By. Mas Marto ¹
I.
PENDAHULUAN.
Kebutuhan akan data geo-spasial dalam berbagai jenis tema dan resolusi
sudah disadari oleh sebagian besar kalangan dari mulai sektor swasta,
pemerintah maupun pihak lainnya termasuk komunitas ilmuwan, dan individual.
Pengalaman bencana gempa/tsunami Aceh dan Sumatera Utara, gempa Yogyakarta, dan
tsunami Pangandaran dan daerah Jawa Barat Selatan lainnya menjadi bukti tentang
hal ini baik pada saat/fase quick response maupun saat/fase rehabilitasi, dan
fase-fase selanjutnya dalam sistem penanggulangan/mitigasi bencana jenis ini
maupun jenis-jenis bencana lainnya.
Dalam keadaan “tiada bencana” data geo-spasial juga sangat diperlukan keberadaannya
untuk berbagai pengambilan keputusan termasuk dalam berbagai penataan ruang.

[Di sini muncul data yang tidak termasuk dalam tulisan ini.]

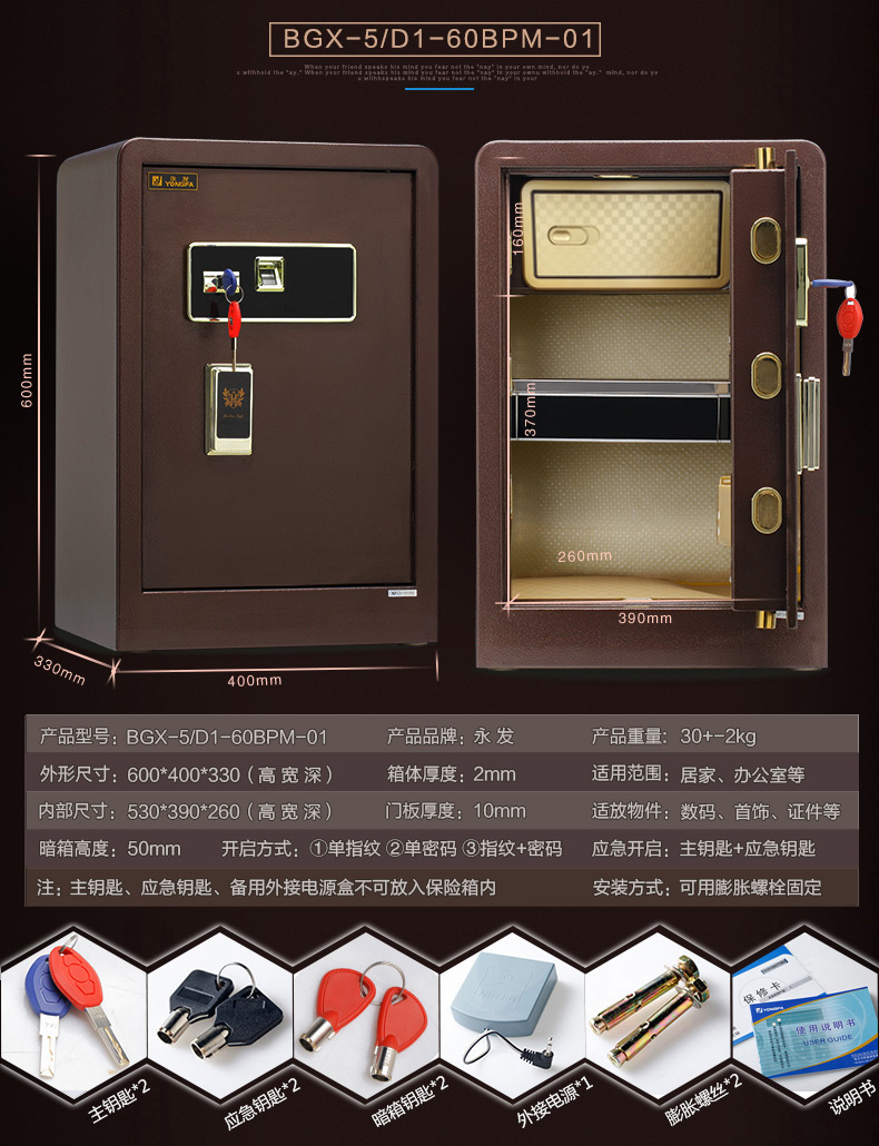 永發靈感指紋保管箱D-60BPM-01尺寸說明:600高*400寬*330深mm 重量:30kg

Akan diperoleh informasi tata-ruang nasional maupun tata-ruang daerah yang baik
dan akurat apabila pada saat perenacanaan dilakukan tersedia dengan memadai
berbagai jenis data geo-spasial yang diperlukan. Untuk keperluan perencanaan
ketahanan pangan nasional diperlukan sekali bebagai jenis tema data geo-spasial
yang memadai. Tanpa tersedianya data geo-spasial yang lengkap dan terkait
dengan bahan pangan pokok akan sulit dicapai dengan baik. Dan banyak
contoh-contoh lainnya tentang manfaat dan kegunaan dari tersedianya data
geo-spasial ini sehingga tidak salah apabila dikatakan orang “no map (baca:
data geo-spasial) no culture - tanpa data geo-spasial tak akan ada
kemajuan (yang berarti)”.
Dalam era sebelum tahun
delapan puluhan pada saat teknologi komputer belum berkembang sepesat/secanggih
sekarang ini, keberadaan dan visualisasi data geospasial diwakili oleh berbagai
jenis peta baik topografi maupun tematik dalam bentuk cetakan (hardcopy map),
dan berbagai jenis data citra dengan berbagai variasi skala. Data geo-spasial
jenis ini sifatnya sangat statis dalam arti antara lain sangat sulit dilakukan
revisi apabila ada atau terjadi perubahan data/informasi di lapangan. Peta
cetak konvensional disajikan dalam lembar-lembar peta yang mereferesentasikan
gambaran unsur real world yang dipilih pada kurun waktu tertentu, dan pembuat
peta sebagai owner memiliki hak eksklusif baik terhadap peta itu sendiri maupun
terhadap data sebagai sumber pembuatan peta. Disisi lain para pengguna harus
menerima begitu saja sebagaimana apa adanya terhadap peta yang mereka
pilih/gunakan (Ryttersgaard,2001).
Pada sampai saat ini, ilmu
dan teknologi yang terkait dengan pengembangan sistem komputer mengalami
kemajuan yang sangat pesat dan sebagai tool sistem komputer ini memiliki
kemampuan yang makin lama makin “bukan main”. Komputer memberi pengaruh besar
terhadap hampir semua aspek kehidupan manusia termasuk terhadap berbagai
disiplin ilmu pengetahuan, tidak ketinggalan memberi pengaruh sangat besar
terhadap sistem pengelolaan data geo-spasial dari mulai pengambilan,
pengolahan, penyimpanan, manipulasi spasial, sampai visualisasi data/informasi.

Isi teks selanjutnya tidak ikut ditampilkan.